This book is a 2007 Fantasy and Science Fiction Cybils Award Nominee.
It all began when Saren said "No."
She refused. Utterly.
She knew a secret about the man she was being asked to marry -- an horrific and terrifying secret. No one believed her, but she knew what he really was, and what he did. She was betrothed, in her heart, she told her father, to a prince from a tiny kingdom. She would have no one except himself.
Her father locked her into a tower for seven years for her refusal.
Herself.
And her maid.
Seven years. It seems like an eternity.
Saren wept. Maid Dashti took stock of their food and sang. She was a peasant girl, and a mucker, one used to dealing with cattle on the steppes. Healing was in her songs. Sure, she had lived in the wild, but since her mother had died, she'd had no safe walls around her. She'd sworn never to leave Saren, and so she wouldn't.

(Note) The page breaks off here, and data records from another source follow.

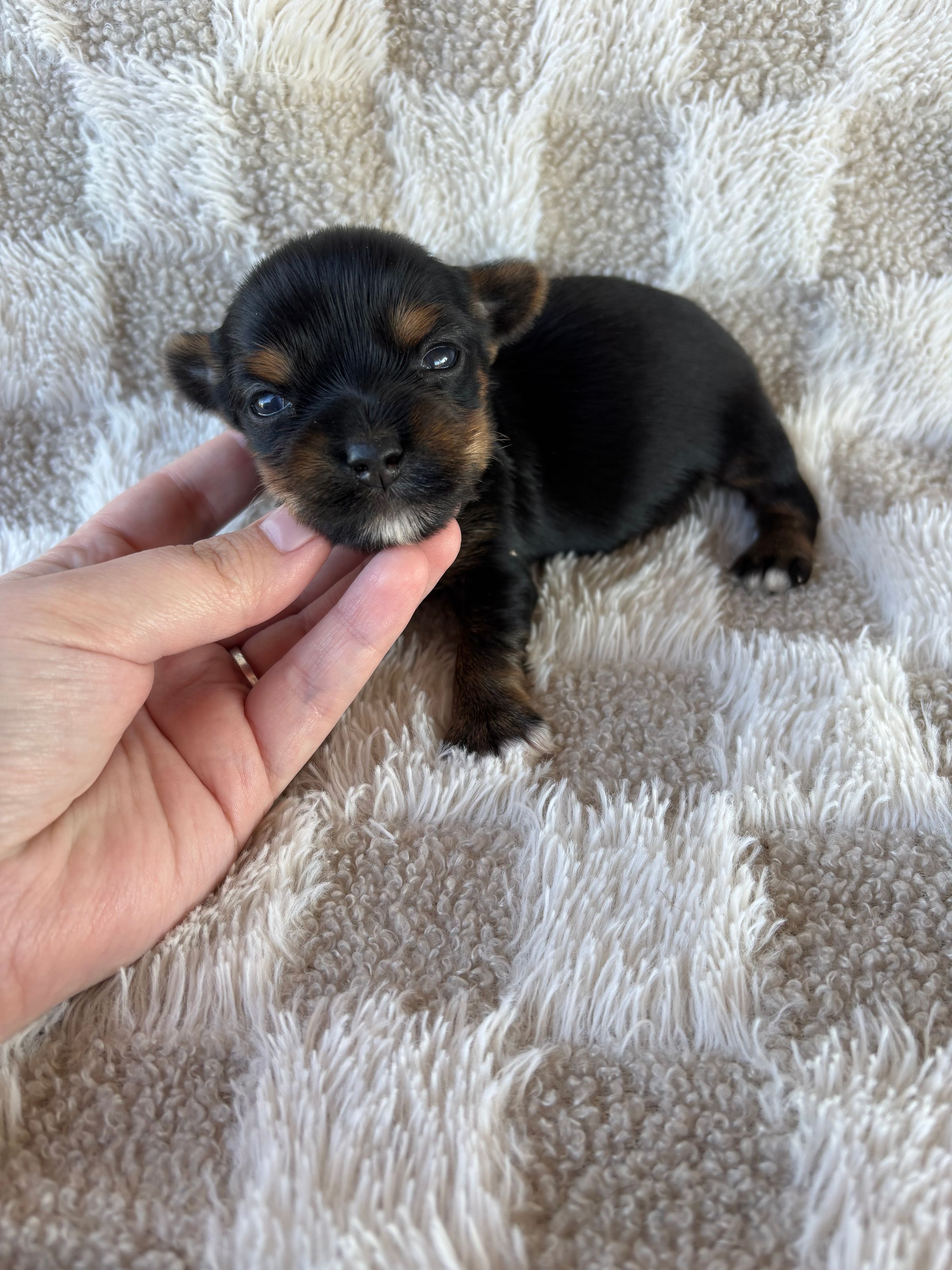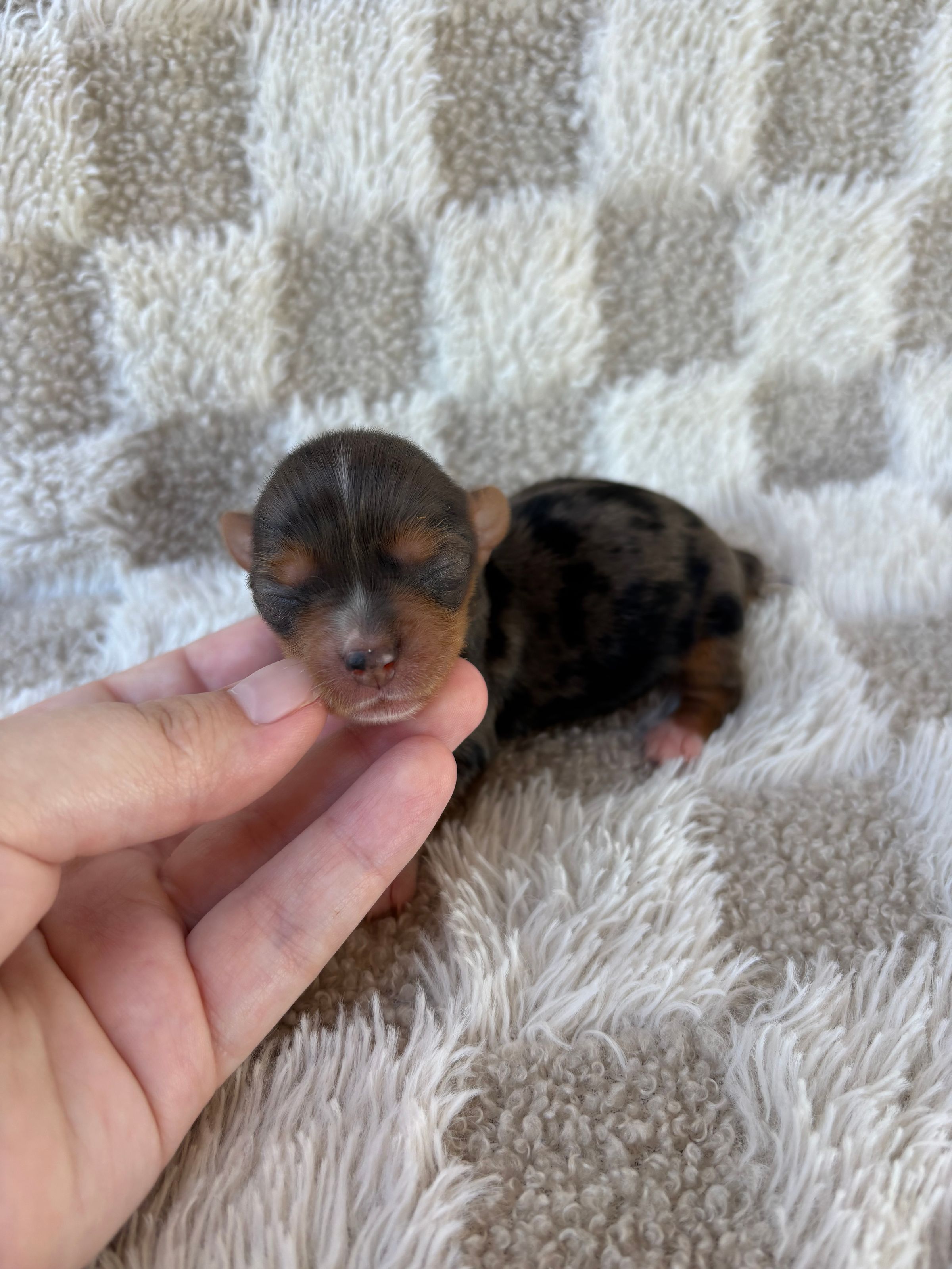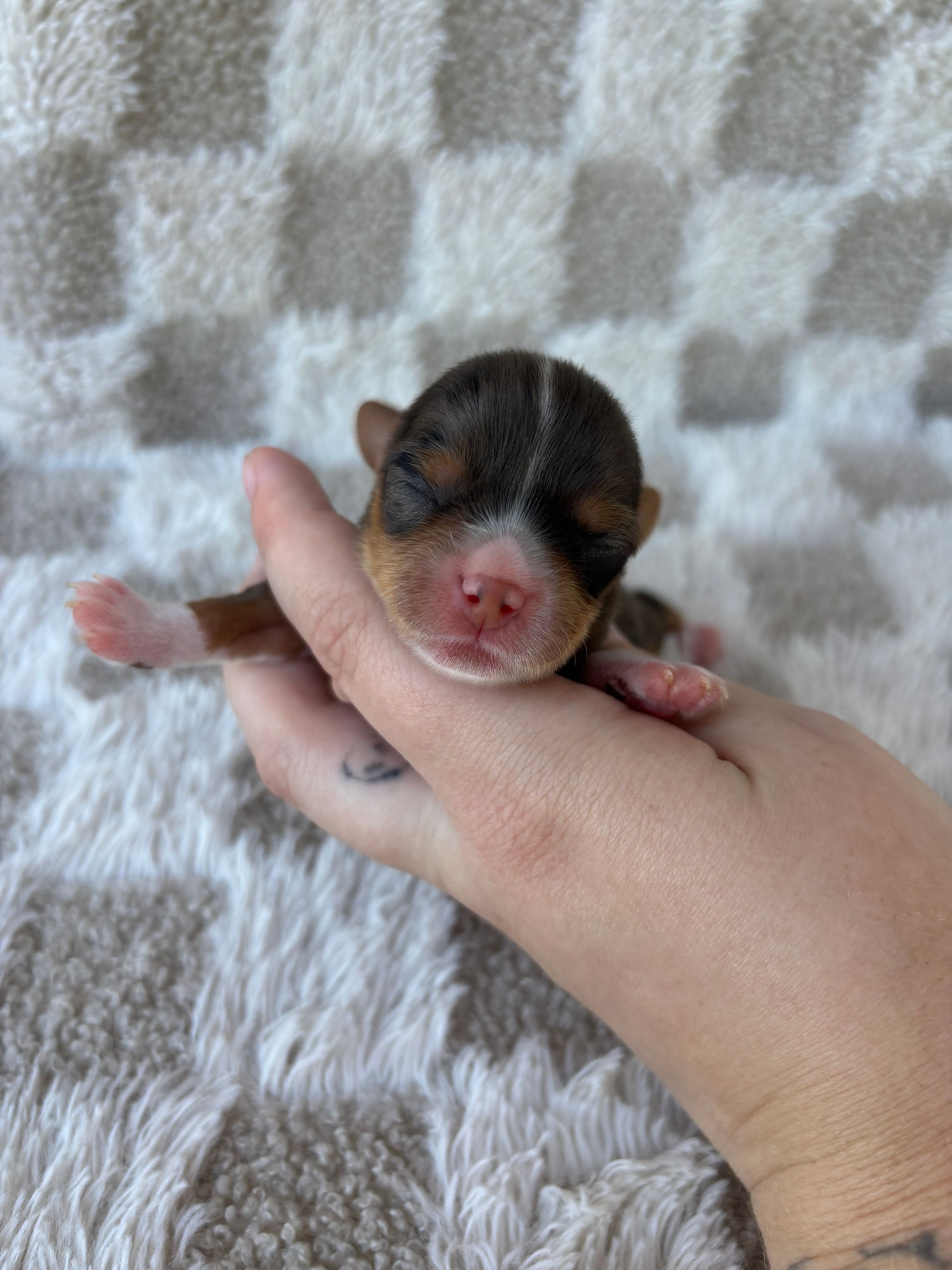 Meet Toby! He is a small little boy charting 5lbs full grown. His tail is docked and dew claws removed. He carries parti, chocolate and merle. He is APRI registered. He will come home with all of his vet records, registration paperwork and a going home bag.
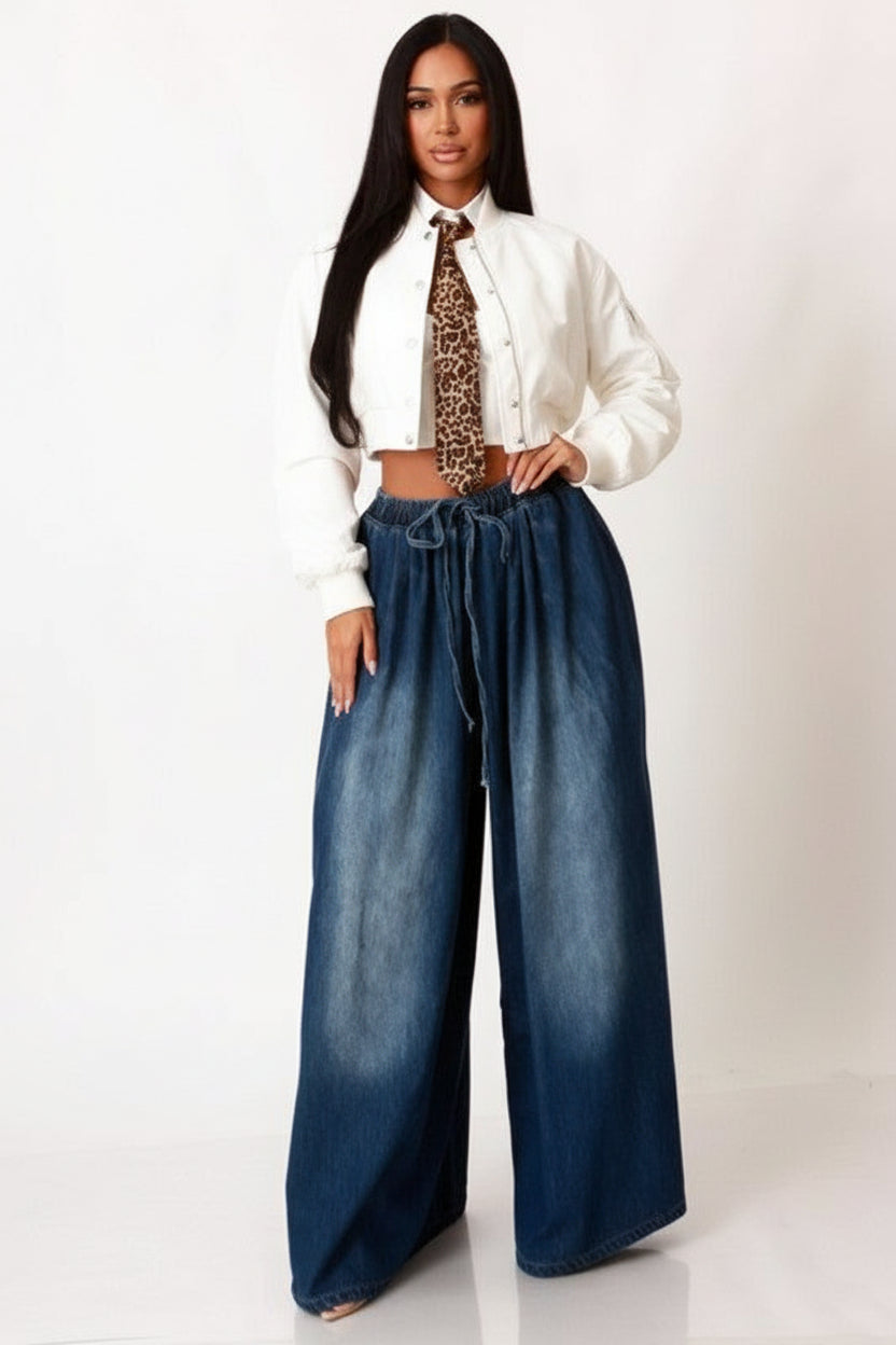 Introducing the Dina Wide Leg Denim Pants. Made from 100% cotton, these high waisted pants feature a stretchy elastic waistband that guarantees a comfortable fit. With pockets and an exaggerated wide leg design, these pants are perfect for those who love a good wide leg jean.
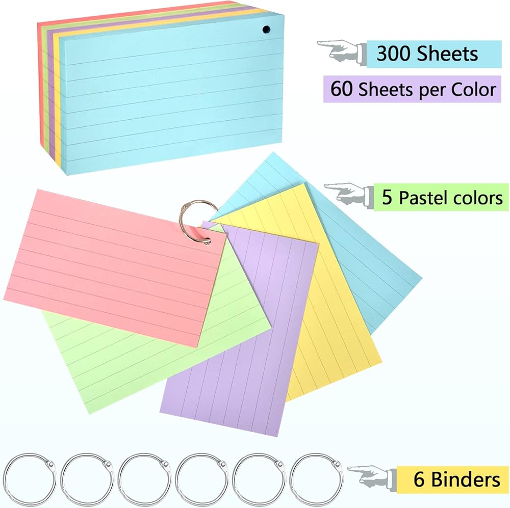 بطاقات الفهرس 3x5، 300 قطعة من بطاقات الفهرس المسطرة مع حلقة، بطاقات فلاش الفهرس الملونة المبطنة على كلا الجانبين، بطاقات الملاحظات الثقيلة، بطاقات الدراسة، لوحة خدش للمدرسة والمكتب المنزلي
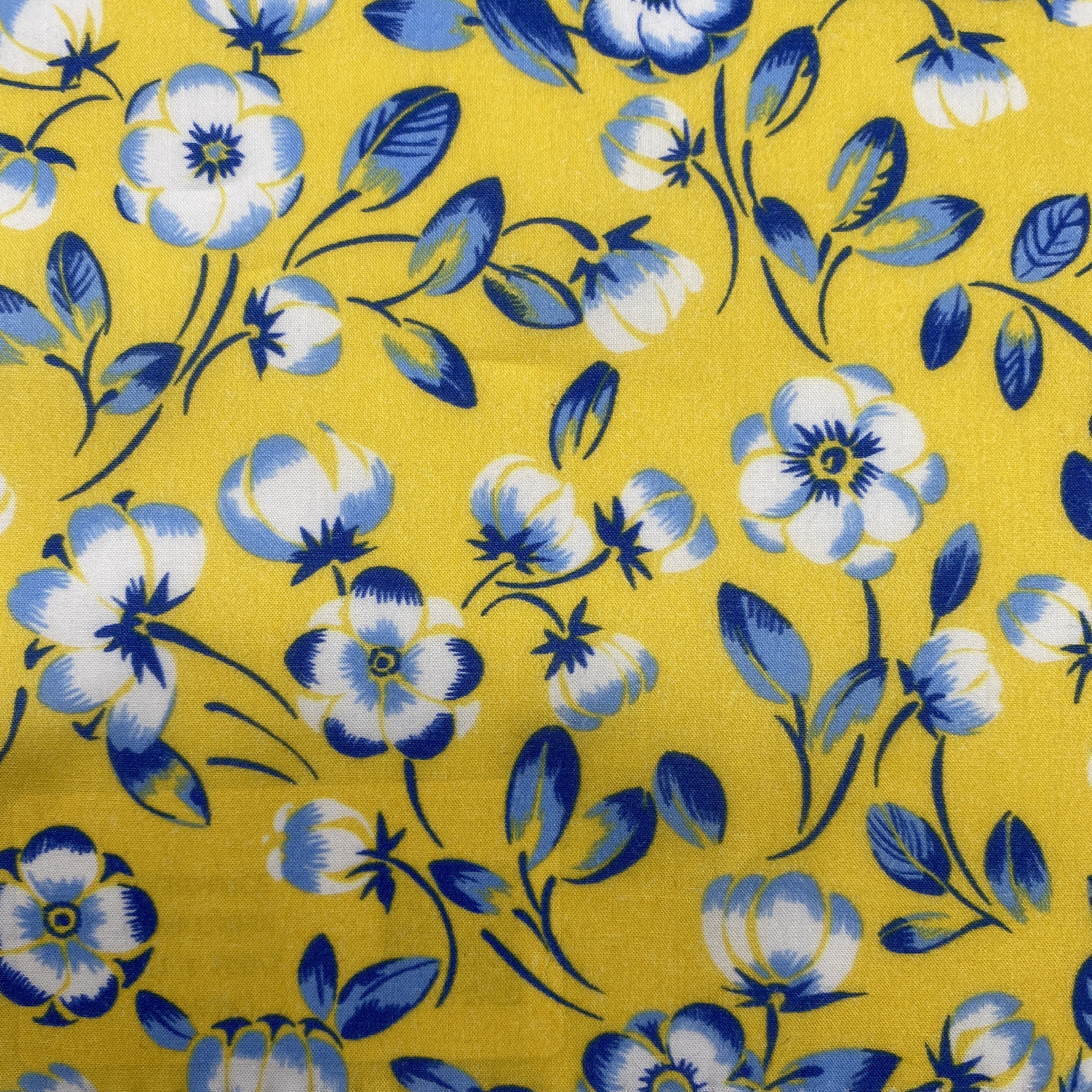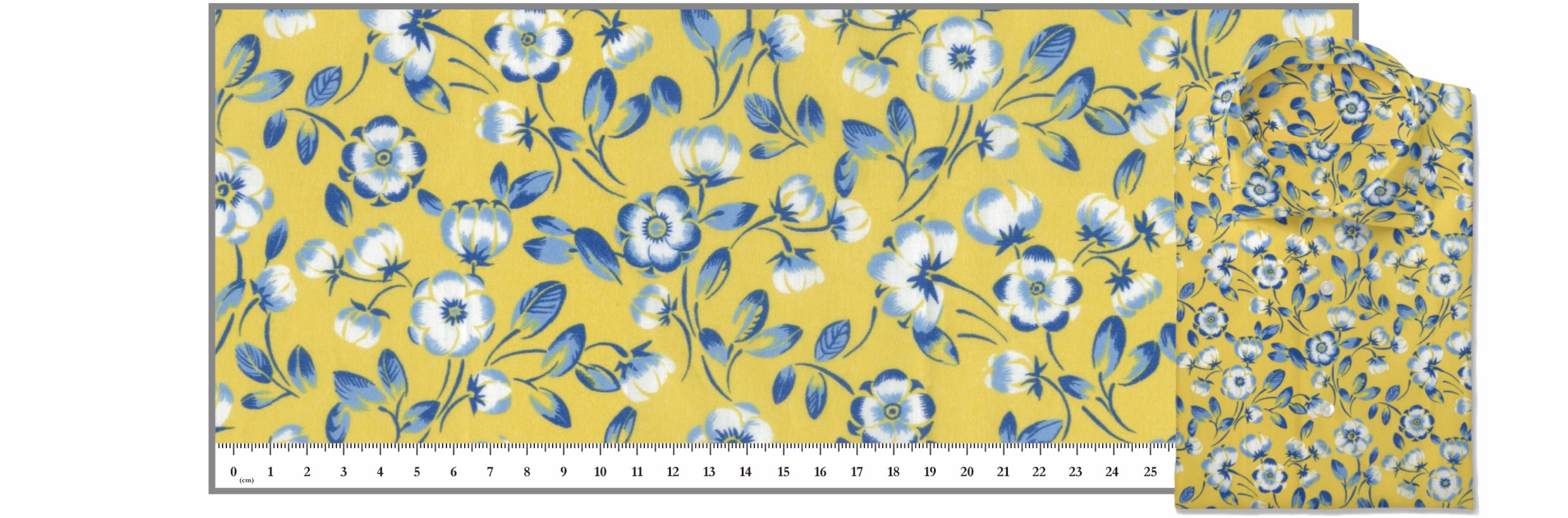 いずれにしても「とてもきれいでポップなカラーリング(特にイエローが最高にきれいですよね!)」と「とても品があってチャーミングなフラワーモチーフ」がすごく素敵な素材だと思います。
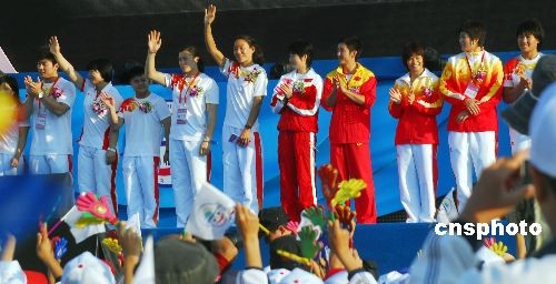 2008年11月16日,第九届中国海南岛欢乐节在文昌市开幕。当日,奥运冠军、著名歌手、神七宇航员等众多各类明星云集文昌,在欢乐节主会场开幕式上亮相,为欢乐节助兴,传递节日的欢乐。中新社发 善平 摄
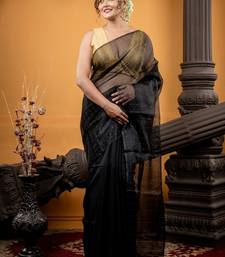 Black hand woven silk blend cotton bengal handloom all seasons sarees
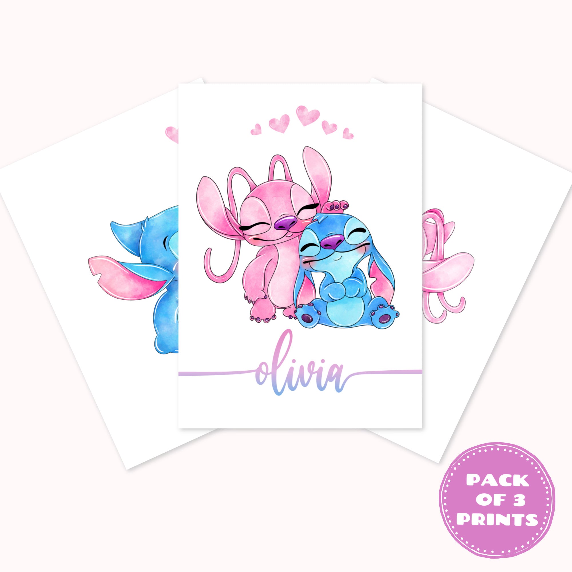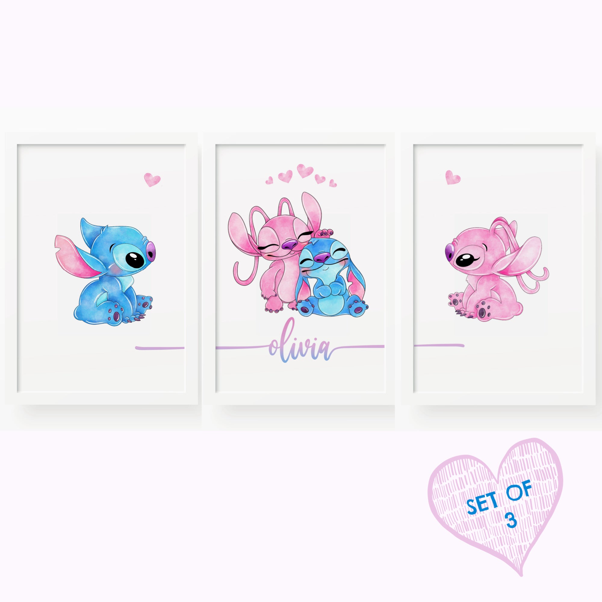 BEAUTIFUL PERSONALISED SET 0F 3 STITCH AND ANGEL PRINTS Personalised with name High quality fine art quality prints
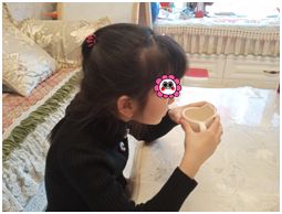 (1)飲水:飲水活動(dòng)時(shí),家長(zhǎng)輔助從溫水壺里向水杯倒水,腦癱兒童可雙手抓握水杯把手(或雙手半握拳捧住杯體),雙肘關(guān)節(jié)屈曲至嘴邊將水送入口中吞咽。對(duì)于雙手抓握功能較差的腦癱兒童,可以使用吸管飲水(如圖1-1、1-2)。
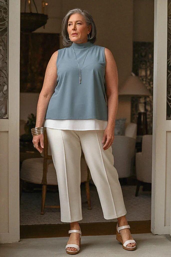 - Светлые укороченные брюки со стрелками – отличный выбор для визуального вытягивания силуэта. Они должны свободно сидеть, создавая комфортный образ. В качестве верхней части можно выбрать воздушный топ и легкую водолазку. Босоножки на танкетке добавят изящества, а минимальные украшения не отнимут внимание от общей гармонии стиля.

When her mistress orders Dashti to impersonate her when the prince Saren claimed to have wanted to marry comes to speak to her, it is against nature and the very gods to do so, but Dashti does it -- in terror. Only after repeated visits, conversations, small gifts and confidences does Dashti realize that she finds the prince kindly and sweet, and her heart begins to betray her. She reminds herself: she is only doing as she is told, only that. Eventually, the prince stops coming --
-- and the evil man comes to them -- sticks his gauntleted hand through the flap where their food is left, taunting them, threatening to set their straw-floored prison on fire, tossing in a few burning pieces of punk upon which they must fling themselves and their bedding to save their skins. The evil man laughs, and his voice sets their teeth on edge. Harried to the edge of endurance, Saren weeps and screams and even Dashti quails in terror.
But then, the evil suitor makes the mistake of shoving his face against the slot in the door.
Saren throws the contents of the chamber pot in his face.
Dashti decides there might be something to this girl after all. Between them - peasant and princess, steppes girl and pampered household pet - comes first an understanding. A friendship, of sorts. They try and communicate, to teach each other a little of the world that the other has known. But the days are long. It is hard. Sometimes the cold is mind-dulling, other times the heat has them lying prostrate on the stone floor.
And no one comes for them.
After the sounds of a terrible battle one day, there is no more food, only ...wolves.
And then even the wolf sounds fade.
Seven years bricked into a tower may not just be an eternity -- it may be their lifetimes. Dashti decides they've got to get out -- and reclaim the world.
But can they do it?
A stupendous, creative and arresting retelling of a lesser known tale of the brothers Grimm, Shannon Hale's The Book of a Thousand Days is a long-awaited treat.
1 comment:
This sounds great! I like the idea of a peasant and a princess learning how to combine their wits and resources in order to survive -- and to escape. And the chamber-pot-in-the-face bit is right up my line.
The Brothers Grimm had some horrible, but fascinating, tales; I remember getting hold of one of their books as a child and being amazed that no one took it away from me, given the content.